Les policiers sont revenus, ils font encore leur enquête pour savoir ce qui s’est passé. Qu’est-ce que je peux leur dire, moi, j’y étais pas à la maison, je faisais que revenir. Monsieur Etienne, lui, m’a dit qu’il allait vendre la maison d’Agen et même les propriétés. Il m’a dit que mes parents pourraient acheter leur métairie, qu’ils seraient chez eux. Il m’a demandé si je voulais revenir à la campagne. Je lui ai dit qu’autant je préférais maintenant rester en ville même si je serais contente de revoir la famille. Alors, il m’a dit une chose que je ne peux pas y croire encore tout à fait. Il m’a dit que la petite maison de la rue Sentier – une petite maison que monsieur louait à un couple sans enfants – était devenue libre. Il m’a dit qu’il me la donnerait, que je me l’étais méritée. De toute façon, je ne pourrai pas rester dans la grande maison, il ne veut pas la garder. Et je suis sûre de trouver à m’employer, il y a un restaurant au Pin qui me prendrait comme servante. Tout ça me chamboule beaucoup et je voudrais aussi savoir vraiment pourquoi ils ont été assassinés. Mais ça c’est monsieur Étienne qui le saura un jour. Maintenant qu’il est capitaine, personne n’ose rien dire devant lui. Mais il va devoir repartir bientôt car tout le pays n’est pas libéré, ils ont besoin de lui encore.

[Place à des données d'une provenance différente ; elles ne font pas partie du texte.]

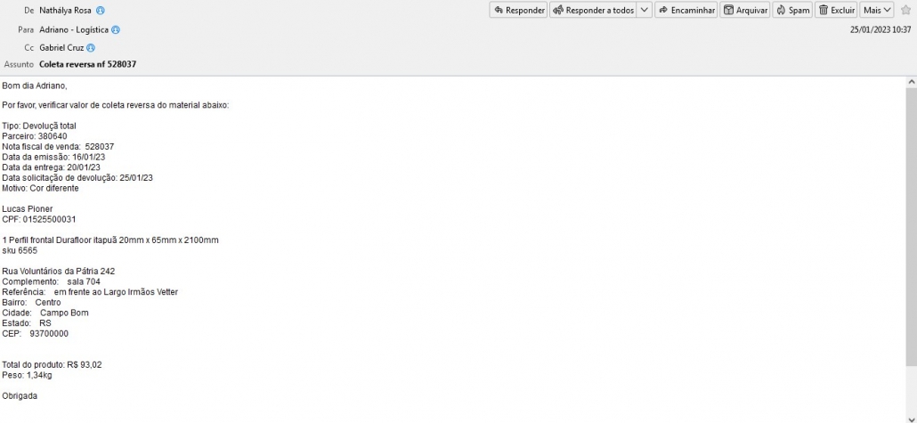 Toda coleta de pedido entregue por frota própria, deve ser preenchido um formulário, que deve ser assinado pelo Gabriel, gerente da logística e entregue na mão do Anderson (responsável pelo faturamento de pedidos).

Monsieur Étienne va repartir dans deux semaines et nous allons demain chez le notaire. Il paraît qu’il a pris toutes les instructions pour la maison, il me l’a dit, et pour ses métairies. Michel et la cuisinière vont aller dans une maison pour les vieux. Michel, le pauvre, n’a plus toute sa tête avec tous ces évènements, il sera bien je crois dans une maison comme cela. »

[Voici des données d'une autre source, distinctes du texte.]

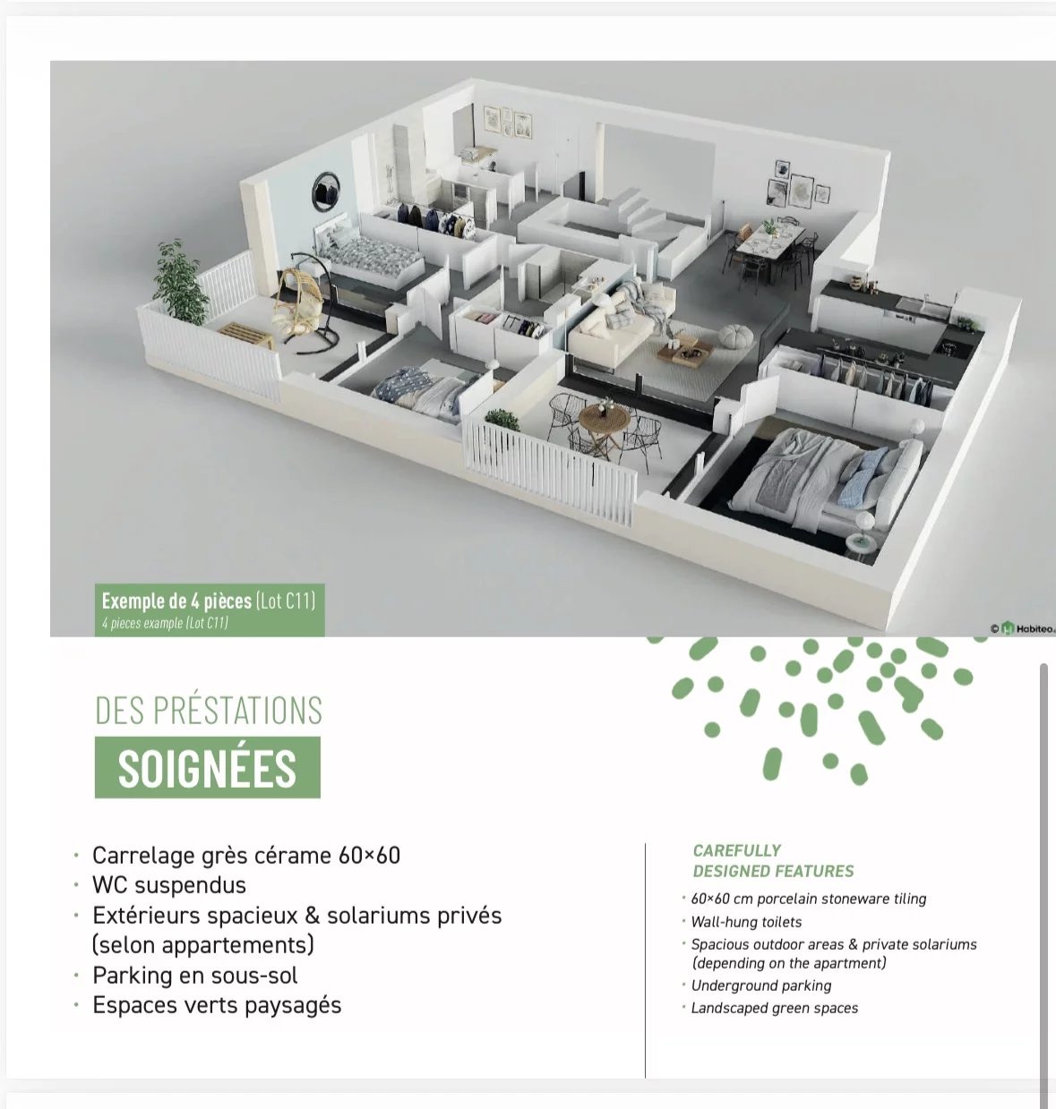 This intimate residence offers apartments designed to combine the comfort of a house with the advantages of apartment living. All units benefit from spacious outdoor areas (terraces or gardens) and a south-east exposure, ensuring optimal natural light throughout the day.

Le premier cahier se termine ainsi, laissant une bonne vingtaine de pages vierges. Un autre cahier prend la suite :
« J’ai déménagé et je suis chez moi, comme une vraie bourgeoise. Ma maison, mon petit jardin et un puits. Et monsieur Étienne  qui m’a nanti de l’argent à la banque Guilhot. Mais je dois travailler pour vivre et je monte tous les matins au Pin prendre mon service. Il n’y a pas à se plaindre, le travail ne manque pas et je sais faire. Les patrons me veulent car ils sont contents de moi.

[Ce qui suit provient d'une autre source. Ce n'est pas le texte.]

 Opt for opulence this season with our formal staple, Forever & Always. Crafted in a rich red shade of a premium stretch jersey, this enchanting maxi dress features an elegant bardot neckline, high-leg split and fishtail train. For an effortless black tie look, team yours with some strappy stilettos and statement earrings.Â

J’ai commencé un nouveau cahier, l’autre c’était une autre vie en quelque sorte. Maintenant tout est différent. J’aimais bien chez monsieur et madame mais la maison est vendue, même leur château et les métairies. Je suis montée une fois, sur deux jours par le bus, voir mes parents et ma sœur et mon frère. Ma sœur va se marier avec un ouvrier de Bergerac, il travaille à la SNCF. Elle l’a connu par une cousine à mon père. Cheminot, il parait que ça paie bien avec des avantages  et tant mieux pour elle. Mon frère, lui, il veut rester à la ferme ou trouver une autre métairie. En attendant, il aide encore le père et il part aussi à la journée pour se faire sa pelote, il dit. Les parents sont fiers pour moi mais ils aimeraient que je me marie. Je ne sais pas encore, il ne manquerait pas des hommes qui me voudraient, qu’ils disent mes parents, mais ils voudraient surtout profiter de mon peu de bien que j’ai reçu. On verra bien, avec mon petit cahier je ne suis jamais toute seule.